Unauthorized persons pay about $100B in federal, state and local taxes, including income and sales taxes. That is about 1.5% of total taxes paid. Since unauthorized persons (about 11 million) account for about 3.3% of the total population, this shows that unauthorized persons are less well off than the average for the country. The median income of unauthorized persons is about $37,000, vs.$60,000 for U.S. citizens. The typical federal income tax rate for each is about 11.2% and 14% respectively. The Trump administration is imposing a 5% text on remittances, which tax is not included above.
Unauthorized persons paid $25.7 billion in Social Security taxes, $6.4 billion in Medicare taxes. They are not eligible for both these programs.

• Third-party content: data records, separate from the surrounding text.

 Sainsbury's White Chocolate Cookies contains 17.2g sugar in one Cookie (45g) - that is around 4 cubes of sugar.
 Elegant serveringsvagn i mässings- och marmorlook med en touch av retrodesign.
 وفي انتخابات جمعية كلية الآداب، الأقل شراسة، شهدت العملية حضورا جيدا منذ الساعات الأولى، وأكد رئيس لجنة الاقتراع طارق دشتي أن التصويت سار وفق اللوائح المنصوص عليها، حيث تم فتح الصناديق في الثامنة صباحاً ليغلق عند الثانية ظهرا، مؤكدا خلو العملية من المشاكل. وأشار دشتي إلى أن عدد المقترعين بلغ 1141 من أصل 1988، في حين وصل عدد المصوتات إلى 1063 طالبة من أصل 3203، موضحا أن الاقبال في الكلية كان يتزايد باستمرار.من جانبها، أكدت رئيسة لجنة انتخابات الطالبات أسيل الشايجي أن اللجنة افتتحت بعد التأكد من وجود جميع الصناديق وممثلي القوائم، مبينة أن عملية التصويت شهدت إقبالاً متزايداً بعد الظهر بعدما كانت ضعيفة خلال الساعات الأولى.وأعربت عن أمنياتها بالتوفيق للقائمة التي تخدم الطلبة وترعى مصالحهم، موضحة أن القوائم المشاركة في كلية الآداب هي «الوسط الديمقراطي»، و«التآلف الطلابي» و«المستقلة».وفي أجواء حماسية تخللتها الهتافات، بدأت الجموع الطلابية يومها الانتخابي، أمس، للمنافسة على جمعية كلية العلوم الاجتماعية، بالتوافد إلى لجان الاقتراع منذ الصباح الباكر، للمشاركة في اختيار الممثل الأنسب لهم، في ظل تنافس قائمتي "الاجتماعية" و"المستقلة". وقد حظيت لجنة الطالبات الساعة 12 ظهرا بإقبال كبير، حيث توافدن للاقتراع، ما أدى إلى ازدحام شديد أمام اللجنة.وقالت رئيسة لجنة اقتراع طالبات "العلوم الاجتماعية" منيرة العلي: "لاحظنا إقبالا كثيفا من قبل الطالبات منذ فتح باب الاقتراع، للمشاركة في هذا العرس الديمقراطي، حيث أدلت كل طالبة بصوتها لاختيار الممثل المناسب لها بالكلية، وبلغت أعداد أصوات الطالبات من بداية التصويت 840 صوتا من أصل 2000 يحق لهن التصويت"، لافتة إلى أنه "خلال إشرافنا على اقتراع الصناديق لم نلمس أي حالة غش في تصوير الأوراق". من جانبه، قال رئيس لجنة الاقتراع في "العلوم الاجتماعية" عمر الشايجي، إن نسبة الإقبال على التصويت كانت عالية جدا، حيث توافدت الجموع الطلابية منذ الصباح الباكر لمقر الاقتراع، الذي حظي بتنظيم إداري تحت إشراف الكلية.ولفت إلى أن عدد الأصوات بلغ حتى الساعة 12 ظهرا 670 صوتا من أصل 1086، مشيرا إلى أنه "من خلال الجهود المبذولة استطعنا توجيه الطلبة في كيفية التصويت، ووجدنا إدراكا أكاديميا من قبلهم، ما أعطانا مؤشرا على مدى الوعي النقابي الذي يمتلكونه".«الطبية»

Much is made by the anti-immigration lobby about how immigrants feed off public programs. It is more accurately said that households that are low income, whether citizens, legal or illegal immigrants, tend to rely of some public programs. Without getting into the complex assessment of which public programs are legally available to legal and illegal foreigners, I looked at patterns of accessibility by household income. The median immigrant household income let’s put at $50,000 and a citizen household income at $100,000.

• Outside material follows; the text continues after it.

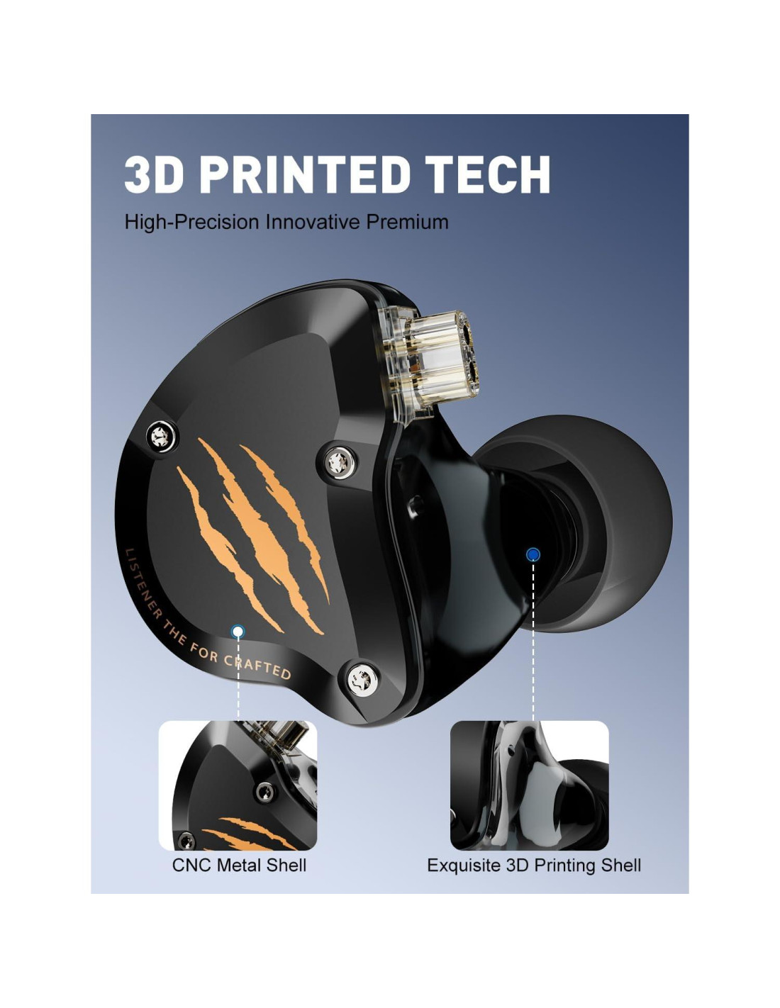 - Diseñado para la Claridad: Una carcasa de metal mecanizada por CNC asegura calidad premium y cavidades impresas en 3D DLP mejoran la precisión del sonido para desplazamientos diarios, música, juegos o streaming

The $50,000 household is above the strict poverty line but still within range for several programs, especially housing, CHIP, and ACA subsidies, and possibly childcare. SNAP is unlikely but possible. The $100,000 household is out of reach for means-tested programs, though they may still receive modest ACA subsidies if not insured through work. In practice, a $50,000 household would have a 50–70% chance of using at least one major public subsidy program, while a $100,000 household’s probability is closer to 10–15%, almost entirely through ACA subsidies. However, access to public programs is formally and largely barred for unauthorized persons and constrained for many legal immigrants.